Indigeneity in the Contemporary World: Performance, Politics, Belonging

Visiting Fellows

Michelle H. Raheja is Associate Professor in the Department of English and Director of the California Center for Native Nations at the University of California, Riverside. Of Seneca descent, she focuses her research and teaching on early American literature and Native American cultural studies and theory. Her book, Reservation Reelism: Redfacing, Visual Sovereignty, and Representations of Native Americans in Film (2011) won the first annual Emory Elliott Book Award. During her time as a fellow of the Indigeneity project in 2012, Michelle examined the work of a turn-of-the-twentieth century queer Native American circus performer and delivered a keynote presentation at the team’s London symposium. She has been a cultural advisor to the EcoCentrix exhibition and is also co-editor for In the Balance: Indigeneity, Performance, Globalization, with Helen Gilbert and Dani Phillipson.

Freelance composer, researcher and consultant Te Ahukaramu Charles Royal worked at the University of Auckland as Professor of Indigenous Development and served as Director of Ngã Pae o te Mãramatanga, one of New Zealand’s eight centres of research excellence, from 2008 to 2014. He has an abiding interest in the creative potential of indigenous knowledges and has written and/or edited six books on aspects of traditional Mãori culture, tribal histories and traditions. Charles is the founder of the modern Whare Tapere, a cultural theatre and performing arts project based on his doctoral and master’s research and first achieved in 2010 within his tribal community in Aotearoa/New Zealand. While visiting the Indigeneity project in 2011, he gave research presentations in London and Paris, and subsequently contributed to discussions about the educational DVD arising from the project.

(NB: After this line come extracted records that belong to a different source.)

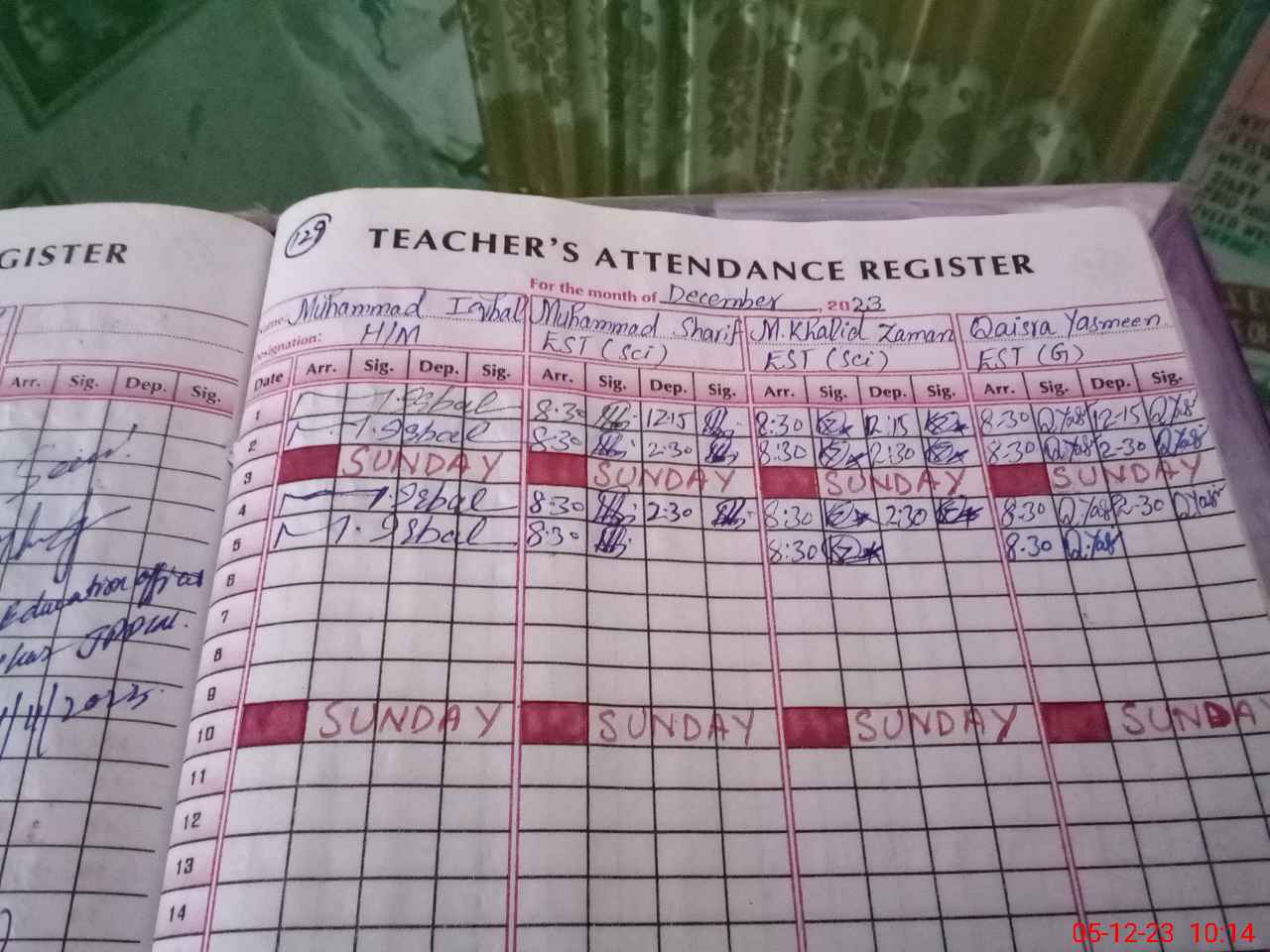 | Name: Qa**** Ya**** Designation: (School Headmaster's/Headmistress's) Est (General) Phone/Cell Number: 03**** |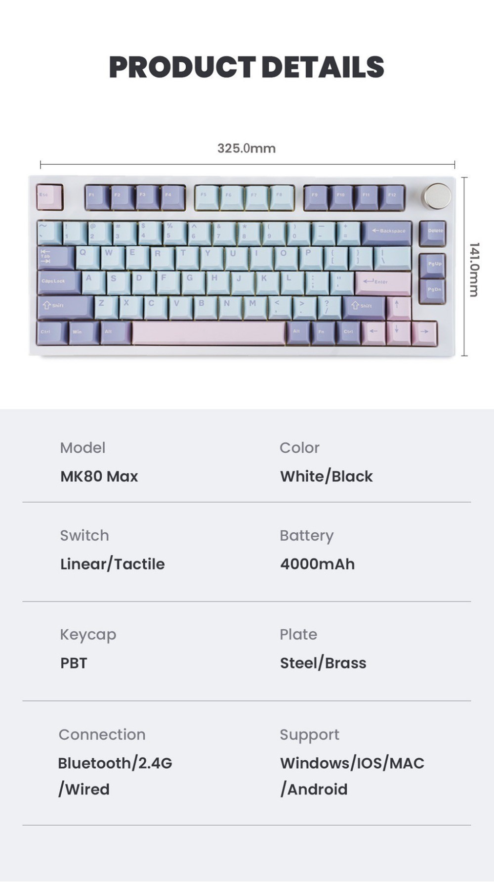 Mathew Tech Mk Max Hot Swappable Mode Wireless Mechanical Keyboard Layout Rgb Linear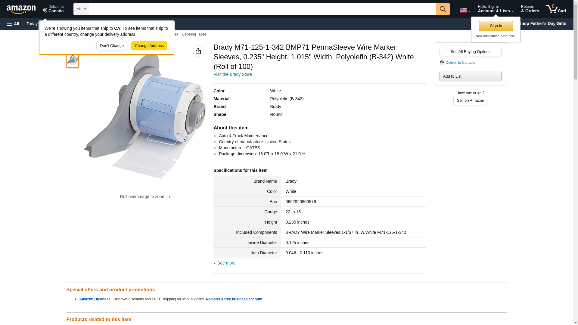 Brady M71-125-1-342 BMP71 PermaSleeve Wire Marker Sleeves, 0.235" Height, 1.015" Width, Polyolefin (B-342) White (Roll of 100)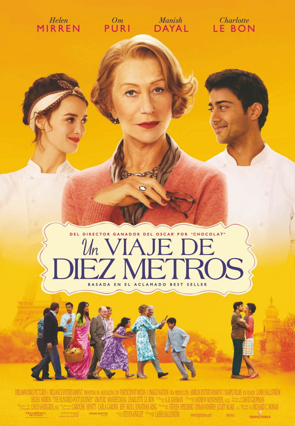 Un placer volver a estar con todos vosotros. En este mes que tenemos especiales magníficos, me gustaría hablaros de una película que me parece estupenda, Un viaje de diez metros (2014, Lasse Hallström), basada en la novela homónima de Richard C. Morais y producida por Steven Spielberg y Oprah Winfrey. La historia nos lleva a la India, donde un niño va a la compra junto a su madre, ella le enseña el arte de comprar los alimentos frescos, la cocina, conjugar todos los sabores potenciados por las especias. El niño disfruta de cada momento. Sus padres y sus hermanos forman parte de una familia que lleva un restaurante, donde hacen la comida típica de su país. Una noche deben huir porque la política y las revueltas hacen que su casa, su vida, queden destruidos en un incendio. Su madre, por volver atrás, queda presa de las llamas. La familia se va de allí, errantes. Primero se instala en Inglaterra, pero no acaba de encontrar su sitio. Y se vuelven a mudar.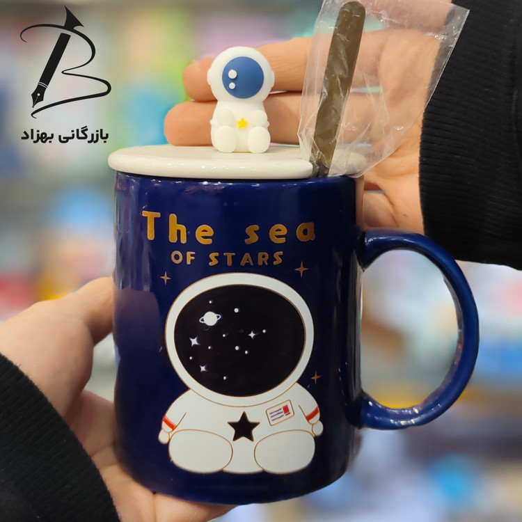 ماگ سرامیکی طرح آدم فضایی درب دار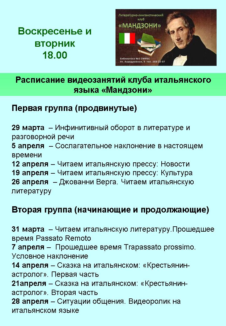 Библиотека №5 «СМИБС» продолжает занятия клуба итальянского языка в новом формате - видеозанятия.

Ocean Ripeka Mercier (Ngãti Porou, PhD) lectures at the School of Mãori Studies, Victoria University of Wellington. Her research includes a project on filmmakers’ experiences in the New Zealand 48 Hour Film Competition, Kaupapa Mãori readings of film, audio commentary as text and methodology, and the impact of digital mapping and place-based pedagogy on (Mãori) student engagement. Ocean joined the Indigeneity project on her first sabbatical in 2012 to explore concepts for analysing her interviews with filmmakers and has published some of her findings in journal articles. She also edited a special issue of New Zealand Journal of Media Studies on Taika Waititi’s Boy, contributed to the end-of-project symposium on indigeneity, performance and globalization, and was a cultural advisor to the EcoCentrix exhibition.

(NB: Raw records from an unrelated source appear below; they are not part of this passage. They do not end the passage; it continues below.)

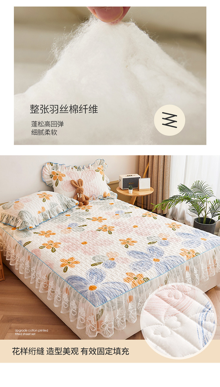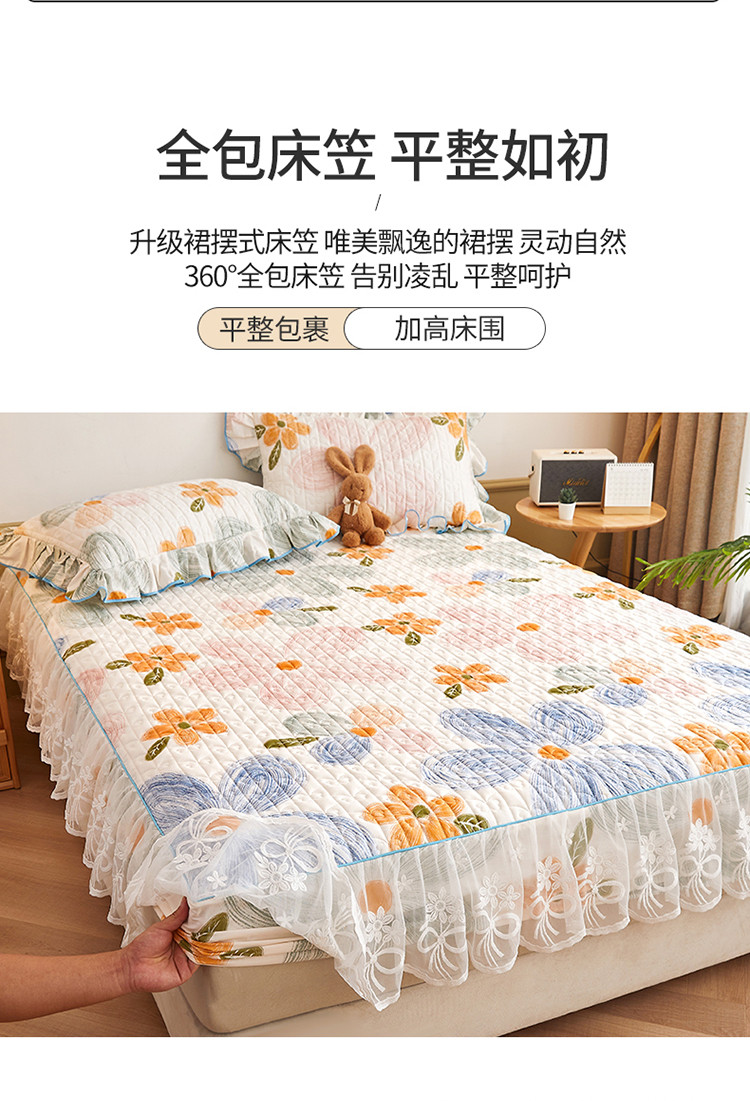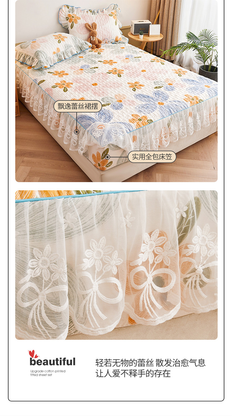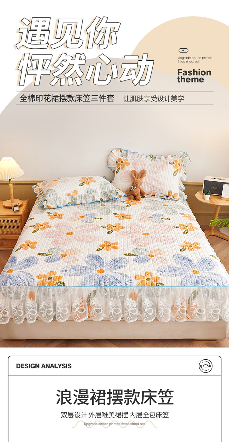 宜凡 2023新款四季款夹棉小清新床笠三件套 清风花语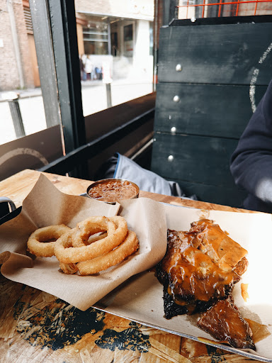Read moreWell, we came here for a late lunch and we were so hungry we took the first restaurant near our hostel. The venue is pretty nice, with wood everywhere and cosy tables. We ordered chickens wings with the homemade bbq sauce and a brisket with the award winning sauce, onions rings and bbq baked beans.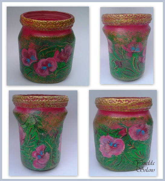 En este frasco con decoupage, la base superior es una tira de porcelana fría texturizada con rodillo. Y las figuras y colores de la servilleta fueron resaltadas con pinturas acrílicas.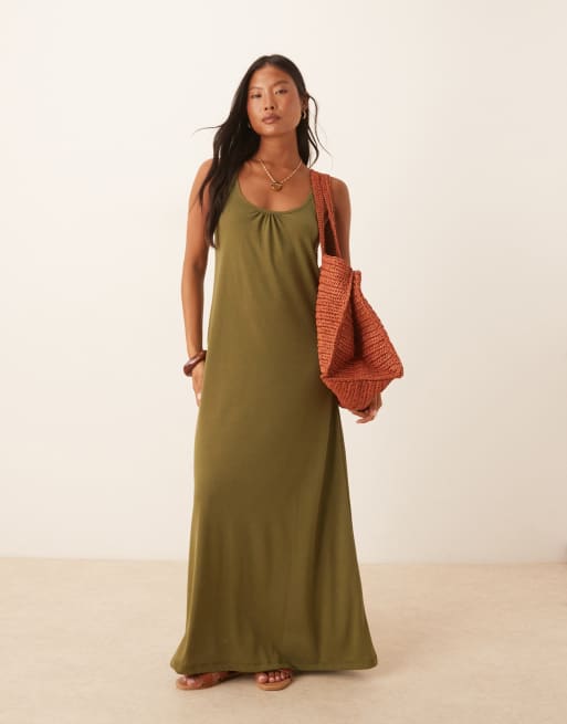 JDY Petite - Vestito lungo allacciato sul retro verde oliva

Peter Morin is a Tahltan Nation artist, curator and writer from British Columbia. His practiced-based research, defined by Tahltan epistemological production, investigates encounters between indigenous culturally-based practices and western settler colonialism, often taking on the form of performance interventions. Peter has participated in numerous exhibitions and performance events including World’s Large Bannock Attempt (2005), 12 Making Objects A.K.A First Nations DADA (2009) and This is What Happens When you Perform the Memory of the Land (2013). He has also curated exhibitions in Western Canada, including Carrying on Irregardless: Humour in Contemporary Native Art for the Bill Reid Gallery in Vancouver. As a visiting fellow on the Indigeneity project in 2013, Peter developed a series of ‘cultural graffiti’ performance interventions that were documented for exhibition at EcoCentrix. He joined the Visual Arts Faculty at Brandon University in 2014 and has contributed to an article in Unesco e-journal on his London work, in dialogue with Helen Gilbert and Dani Phillipson.